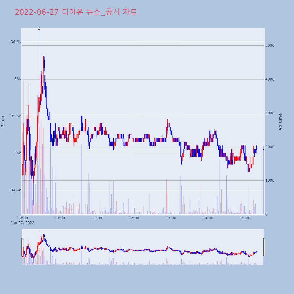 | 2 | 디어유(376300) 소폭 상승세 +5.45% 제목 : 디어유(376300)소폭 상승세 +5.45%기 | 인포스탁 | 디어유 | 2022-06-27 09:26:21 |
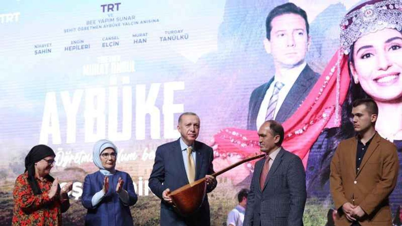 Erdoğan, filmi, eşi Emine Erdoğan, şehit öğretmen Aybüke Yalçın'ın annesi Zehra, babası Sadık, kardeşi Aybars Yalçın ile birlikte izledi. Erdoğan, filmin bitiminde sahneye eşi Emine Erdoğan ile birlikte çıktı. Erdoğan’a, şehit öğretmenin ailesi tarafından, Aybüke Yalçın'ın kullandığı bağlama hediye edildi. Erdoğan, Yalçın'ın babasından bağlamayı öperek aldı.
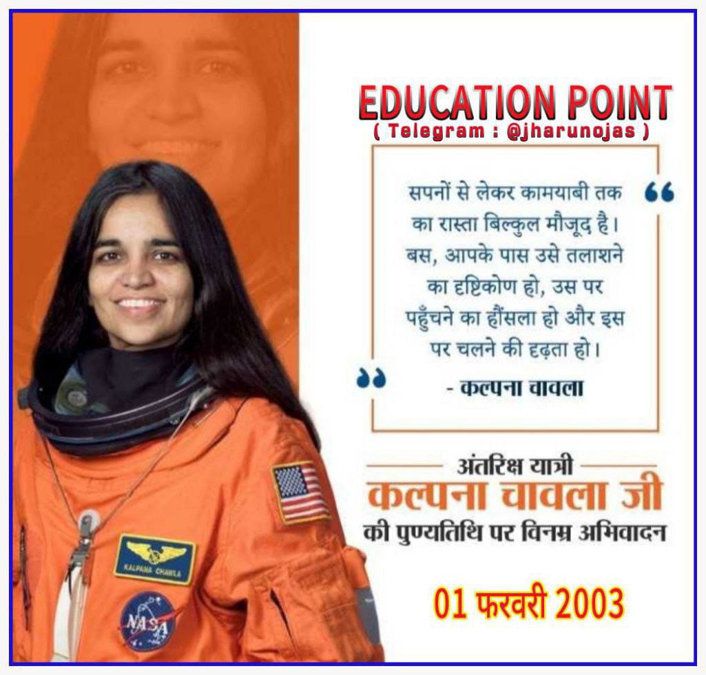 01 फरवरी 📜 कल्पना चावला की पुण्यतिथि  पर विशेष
:::::
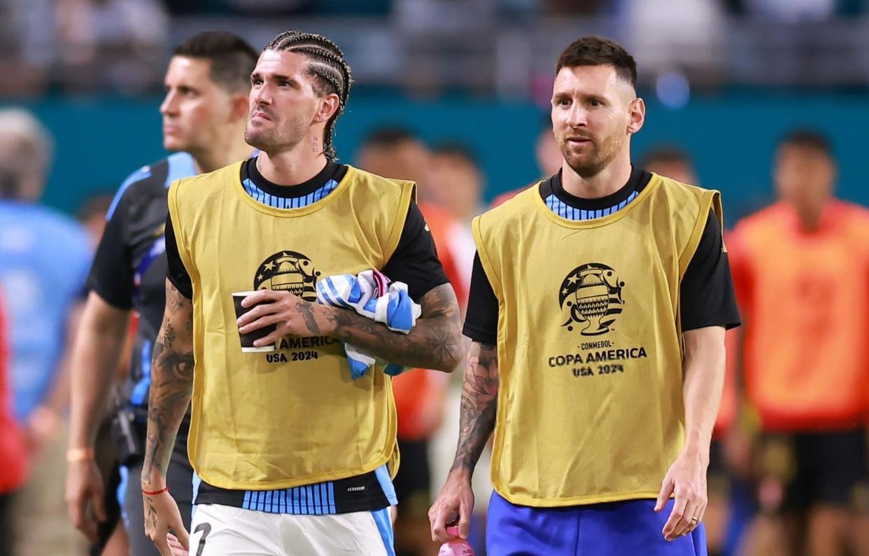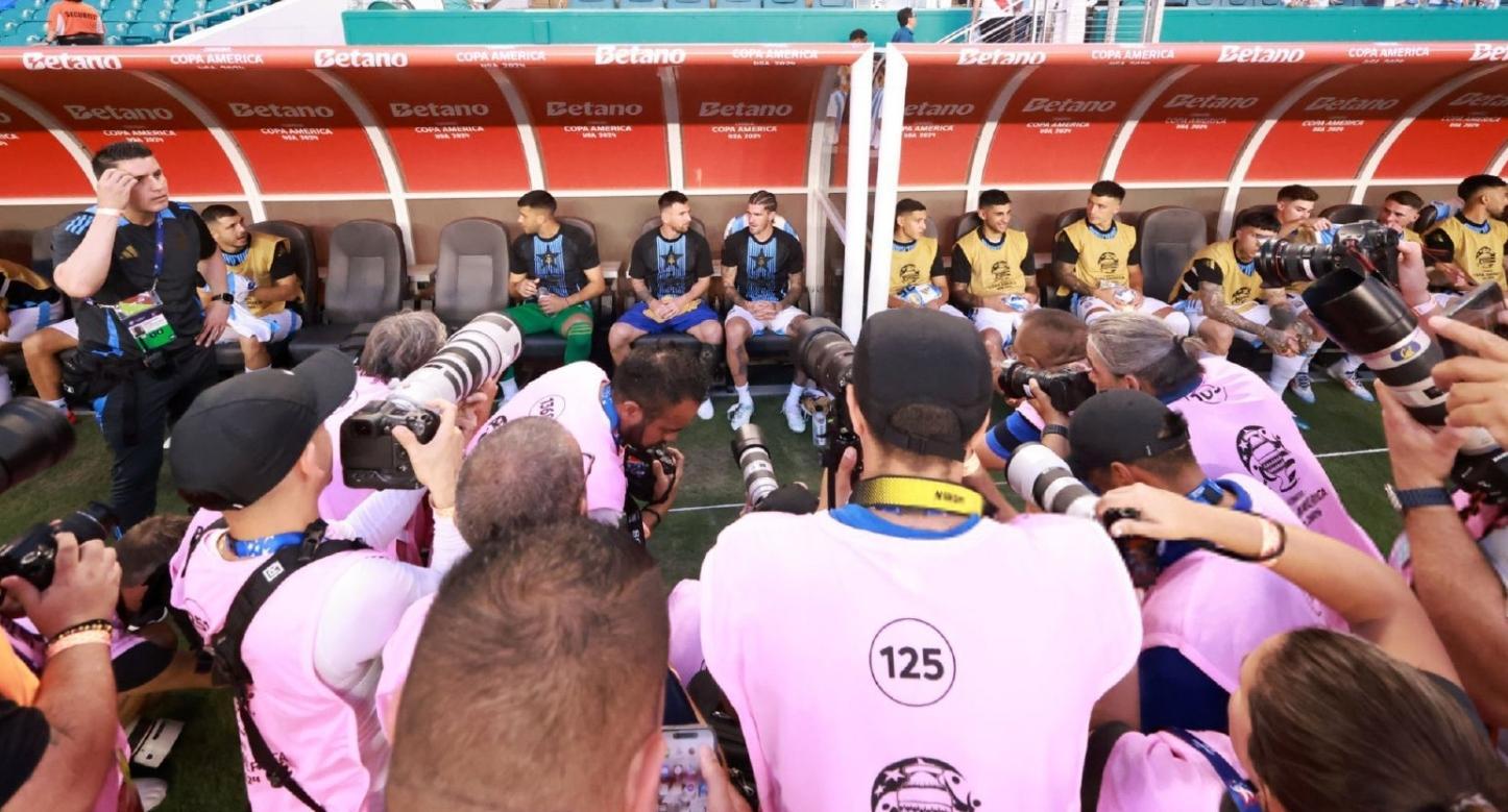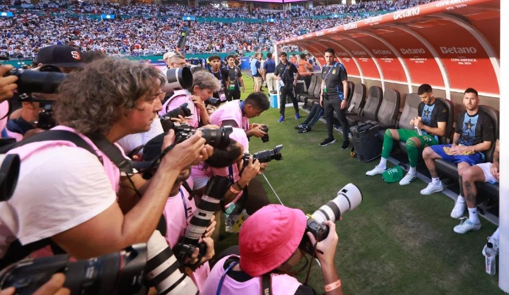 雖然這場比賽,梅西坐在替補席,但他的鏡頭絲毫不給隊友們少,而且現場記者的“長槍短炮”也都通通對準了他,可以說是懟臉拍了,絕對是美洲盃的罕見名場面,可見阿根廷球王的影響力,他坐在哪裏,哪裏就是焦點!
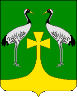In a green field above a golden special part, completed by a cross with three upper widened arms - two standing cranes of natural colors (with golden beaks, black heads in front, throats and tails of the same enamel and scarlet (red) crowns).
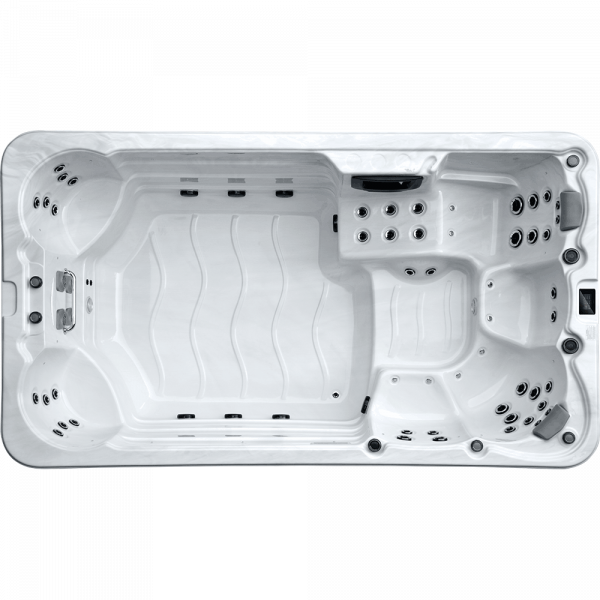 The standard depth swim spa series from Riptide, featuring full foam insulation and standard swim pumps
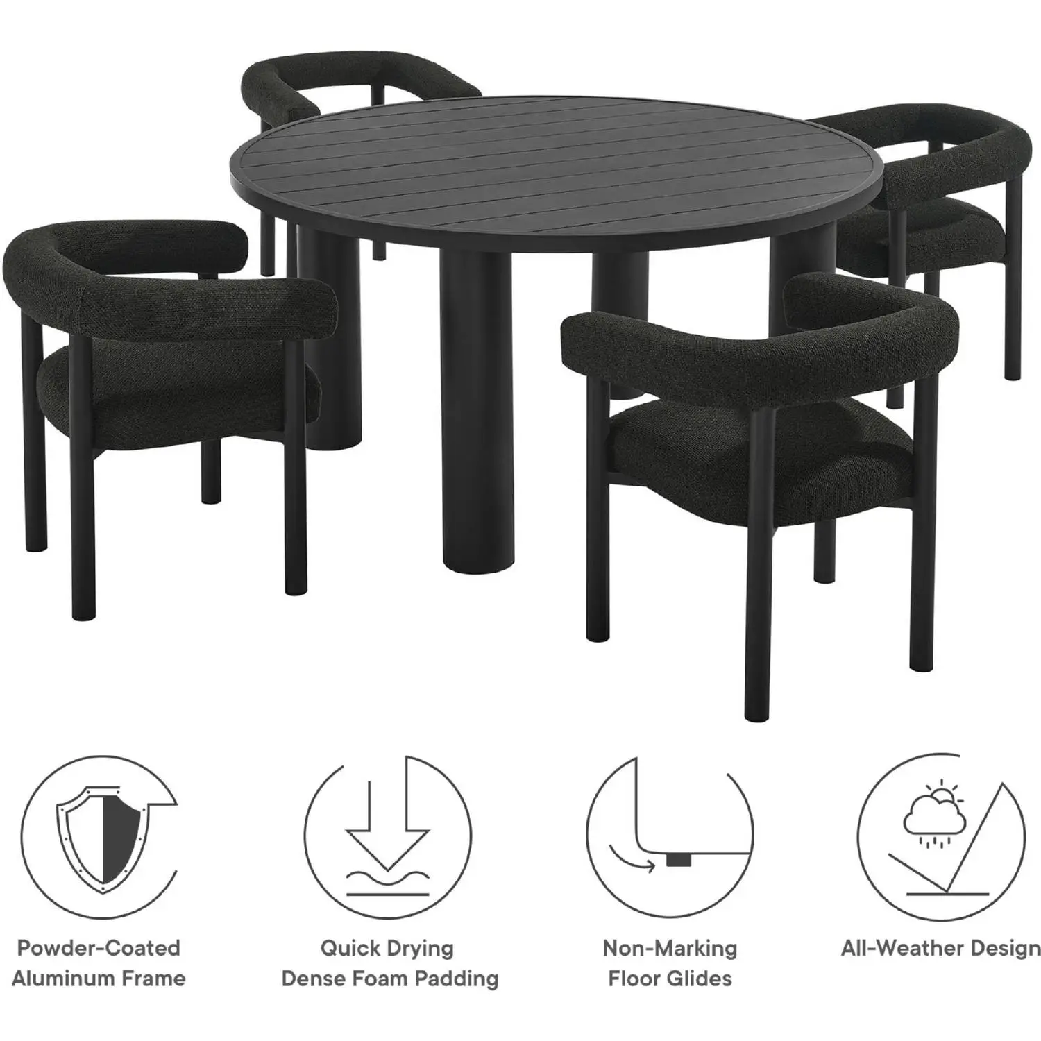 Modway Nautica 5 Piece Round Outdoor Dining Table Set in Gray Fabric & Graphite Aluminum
:::::
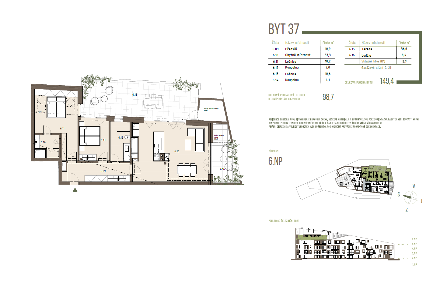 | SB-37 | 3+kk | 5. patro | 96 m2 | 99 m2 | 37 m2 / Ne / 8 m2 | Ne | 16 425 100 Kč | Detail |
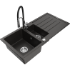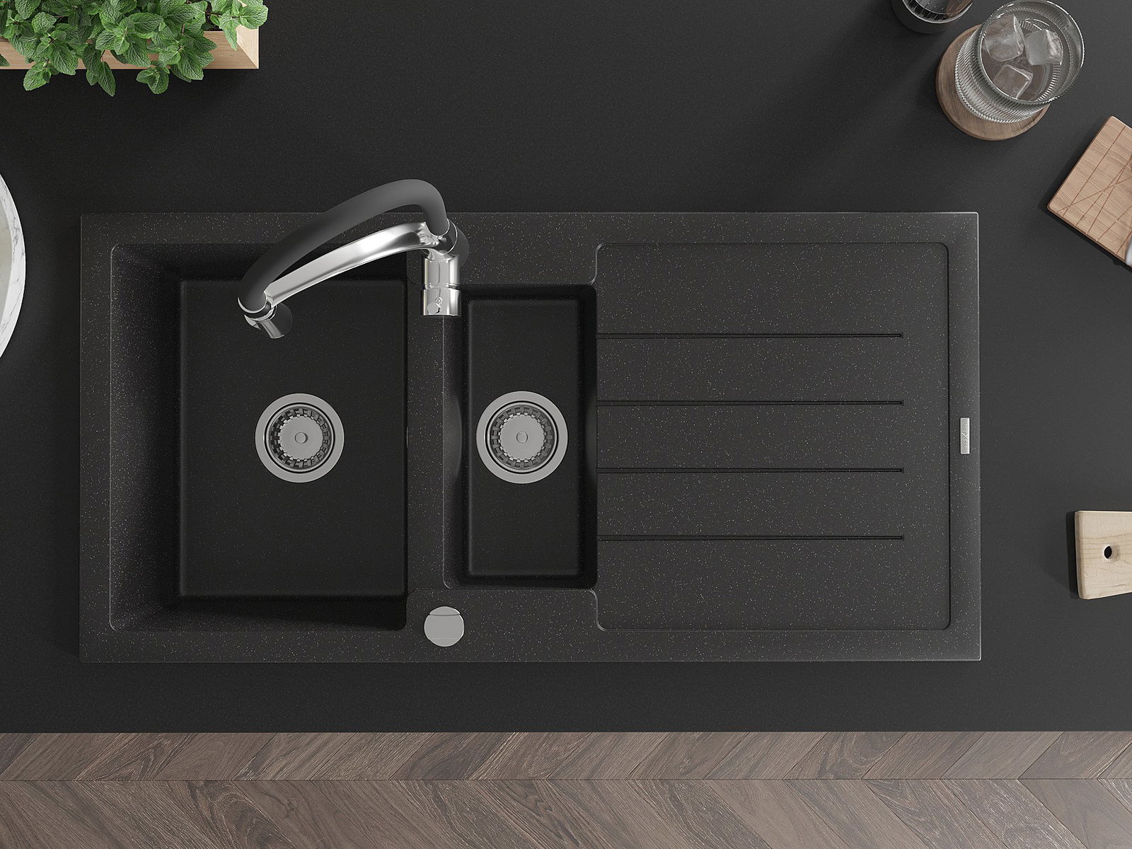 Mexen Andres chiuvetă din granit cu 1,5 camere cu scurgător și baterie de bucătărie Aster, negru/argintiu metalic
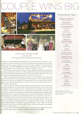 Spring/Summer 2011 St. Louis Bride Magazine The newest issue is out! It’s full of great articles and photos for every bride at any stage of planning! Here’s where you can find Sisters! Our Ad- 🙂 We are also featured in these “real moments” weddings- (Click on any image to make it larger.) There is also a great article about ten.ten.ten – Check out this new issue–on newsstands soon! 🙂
:::::
▶ Exercise
Everything from the line with "Erdoğan, filmi, eşi" through the line with "01 फरवरी 📜 कल्पना" in the material above should be transcribed exactly, except the pictures.

▶ Task output
 Erdoğan, filmi, eşi Emine Erdoğan, şehit öğretmen Aybüke Yalçın'ın annesi Zehra, babası Sadık, kardeşi Aybars Yalçın ile birlikte izledi. Erdoğan, filmin bitiminde sahneye eşi Emine Erdoğan ile birlikte çıktı. Erdoğan’a, şehit öğretmenin ailesi tarafından, Aybüke Yalçın'ın kullandığı bağlama hediye edildi. Erdoğan, Yalçın'ın babasından bağlamayı öperek aldı.
 01 फरवरी 📜 कल्पना चावला की पुण्यतिथि  पर विशेष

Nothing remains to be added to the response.